Pilz Ireland managing director John McAuliffe said: “Pilz were honoured to receive this award. The area of safety in which we work is constantly changing and Pilz need to be innovative in order to provide our customers with solutions that achieve safety in lean manufacturing environments.” Providing services from risk assessment, safety design and safety training to customers all over the world the company views continuous development of processes and products, such as SafetyEYE, as vital in meeting the constantly evolving demands of the modern manufacturing environment.
The Association for Packaging and Processing Technologies (PMMI) estimates that 34% of primary pharmaceutical operations in North America by 2018 will be carried out by robots, compared with 21% in 2013. This increasing automation, along with the rapid growth of collaborative robots across all sectors, is heralding a new era of human-robot interaction in manufacturing.
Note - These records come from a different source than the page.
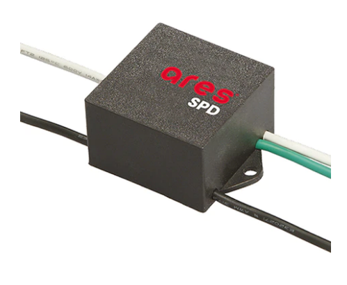
SPD (Surge Protection Device) 237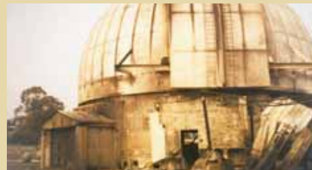
Mt Stromlo's fire-destroyed 74-inch telescope, 2003

Dan came to Australia in 1996, and later returned to Australia as a science journalist. In the April issue of Natural History Magazine, Dan wrote a feature article on wildfires, drought and climate change in Australia following the devastation of the 2003 Canberra fires. The article highlighted the extremities of climate change with 'high intensity blazes with temperatures exceeding 1,800 degrees [Fahrenheit - hot enough] to melt copper'. The article included photographs of Mt Stromlo's 74-inch telescope which was destroyed by the fire.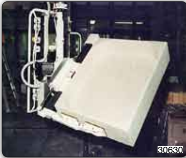
Manipulator with pneumatic tooling for gripping and rotation of shower plates.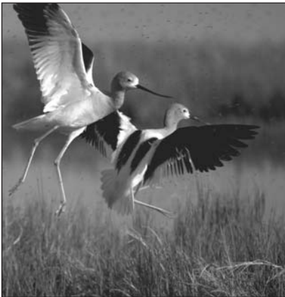
U.S. Fish and Wildlife Service

This document describes eighteen possible “adaptation strategies” that have been proposed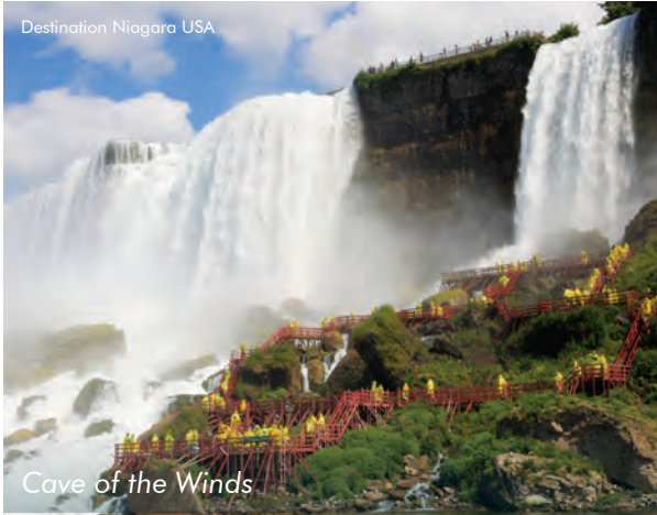
Cave of the Winds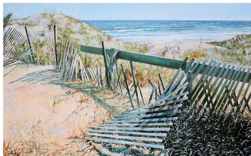
GARY GOWANS, PICK UP STICKS , 26x38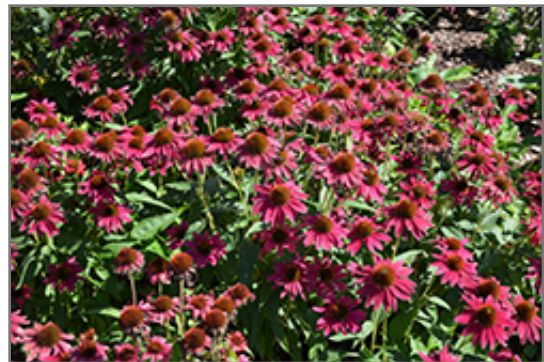
Sombrero Tres Amigos Coneflower in bloom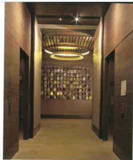
Top: Oak-veneered paneling lines an elevator vestibule off the lobby. Center: A custom wool rug softens the white-oak floor in the smaller party room. Bottom: In the larger party room, leather upholsters the sectional. Opposite: For the mail room, Clodagh and Fabio Designs collaborated on Wellness Word Search.

such as joy and solace, and an elevator vestibule share the main part of the lobby. Beyond are a pair of party rooms, a pair of residents-only lounges, either for socializing or for quiet contemplation, a temporary leasing office, a business center, and an Equinox gym “just tarted up a bit,” she notes. Two model apartments, a 700-square-foot one-bedroom and a 450-square-foot studio, were part of the brief as well. Well, more than two over time: Units are renting so fast that the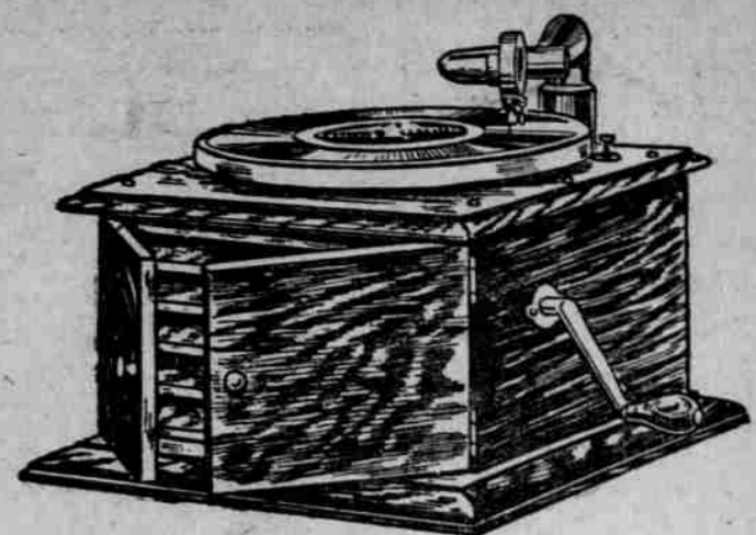
Victor-Victrola IV, $15

This instrument is a genuine Victor-Victrola, of the same high quality which characterizes all products of the Victor Company, and is equipped with all the exclusive Victrola patented features.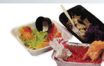
Food & Wet Waste Comida y Desperdicios Húmedos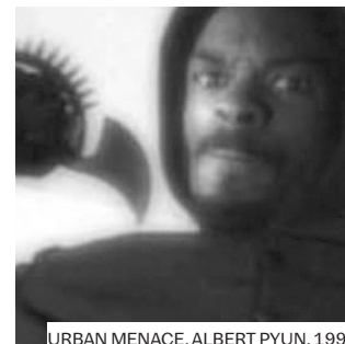
URBAN MENACE, ALBERT PYUN, 1999

Dir. Albert Pyun, 1999. United States. 72 min 8/2 10pm • 8/16 Midnight 8/26 10pm When dead mob bosses start piling up in the Bronx, all signs point to a mysterious hooded figure that's been lurking the streets since the Friendship Church burned down a year prior. A low-budget genre blend starring a host of 90s rap icons.

SafetyEYE is especially effective in ensuring the safe deployment of collaborative robots which are ideal for handling materials and ingredients in a decontaminated environment but which require some level of interaction with operators who need to approach to carry out supervisory, control or intervention tasks.
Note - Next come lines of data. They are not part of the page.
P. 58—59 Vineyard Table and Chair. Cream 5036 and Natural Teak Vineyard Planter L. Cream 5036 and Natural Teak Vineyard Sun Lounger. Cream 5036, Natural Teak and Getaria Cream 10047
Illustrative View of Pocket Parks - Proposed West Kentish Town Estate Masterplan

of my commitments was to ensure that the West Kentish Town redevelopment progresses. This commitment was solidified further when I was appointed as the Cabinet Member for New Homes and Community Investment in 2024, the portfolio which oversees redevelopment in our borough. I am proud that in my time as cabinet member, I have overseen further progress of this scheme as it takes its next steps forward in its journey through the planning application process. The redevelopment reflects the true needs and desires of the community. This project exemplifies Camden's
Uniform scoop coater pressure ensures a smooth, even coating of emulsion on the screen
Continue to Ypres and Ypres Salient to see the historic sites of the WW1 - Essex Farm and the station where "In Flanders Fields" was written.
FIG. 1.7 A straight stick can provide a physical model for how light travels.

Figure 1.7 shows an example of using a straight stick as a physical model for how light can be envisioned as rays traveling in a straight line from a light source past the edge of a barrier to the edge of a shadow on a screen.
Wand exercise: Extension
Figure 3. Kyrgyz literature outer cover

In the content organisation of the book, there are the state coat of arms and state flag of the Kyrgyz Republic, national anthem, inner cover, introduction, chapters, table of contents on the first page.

Such are the potential production efficiencies brought about by collaborative robotics in the bulk pharmaceutical manufacturing sector that Health and Safety managers, engineers and suppliers will need to align their safety strategy in line with this new industrial environment.
As with all new technologies care and due process must be exercised in the integration with other plant and machinery. Structured risk assessment considering the specific hazards leading to intelligent safety concepts are the key to successful adoption of such new technologies. Pilz is pioneering safe automation with the continuous development of its services and products, such as SafetyEYE, ensuring that its customers can anticipate the safety challenges presented by industry developments such as collaborative robots.